*ASSIGNMENT*: Copy the data that appears below exactly. Drop the pictures.

*INFORMATION PROVIDED*:
+++
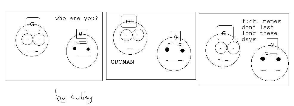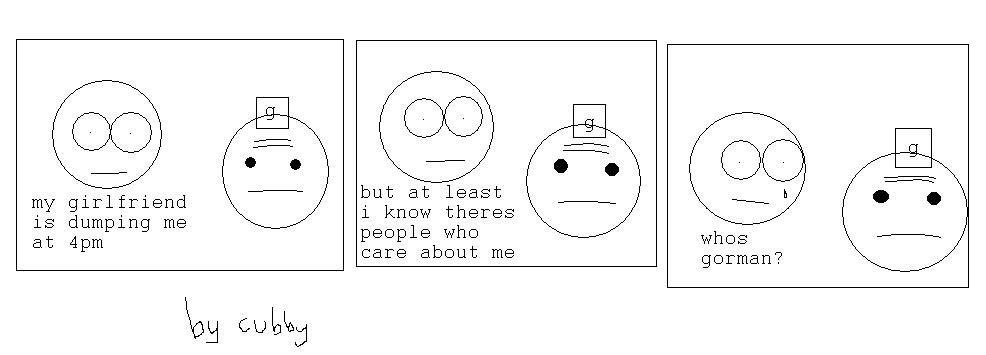 Here is where you will find everything you need to know about Gorman. ::Who is Gorman?:: Gorman is loosely based on both the character from Aliens, a funeral home worker and a strange section of text from Urban Dictionary, and fleshed out by the crew of EG. Jones is his boss. Casper The Friendly Ghost is his ex-workmate. He's also Gordon freeman's underacheiving lab technician brother. ::When did he appear?:: He materialised in a thread by Casper_Esq. About being dumped by his girlfriend. ::What's so great about him?:: He is associated with the EG term: Urnwank. SquareJawHero brought him to life. |
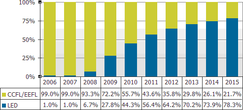 圖一 2006-2015採用傳統CCFL&EEFL燈管與LED背光大尺寸液晶面板出貨比率預測
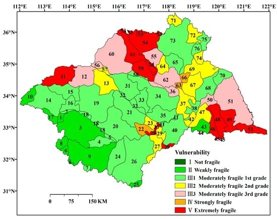 | 0.40 < V(t) ≤ 0.60 | – | III3 | Moderately fragile, 3rd grade |
+++
*OUTPUT OF THE EXERCISE*:
 Here is where you will find everything you need to know about Gorman. ::Who is Gorman?:: Gorman is loosely based on both the character from Aliens, a funeral home worker and a strange section of text from Urban Dictionary, and fleshed out by the crew of EG. Jones is his boss. Casper The Friendly Ghost is his ex-workmate. He's also Gordon freeman's underacheiving lab technician brother. ::When did he appear?:: He materialised in a thread by Casper_Esq. About being dumped by his girlfriend. ::What's so great about him?:: He is associated with the EG term: Urnwank. SquareJawHero brought him to life. |
 圖一 2006-2015採用傳統CCFL&EEFL燈管與LED背光大尺寸液晶面板出貨比率預測
 | 0.40 < V(t) ≤ 0.60 | – | III3 | Moderately fragile, 3rd grade |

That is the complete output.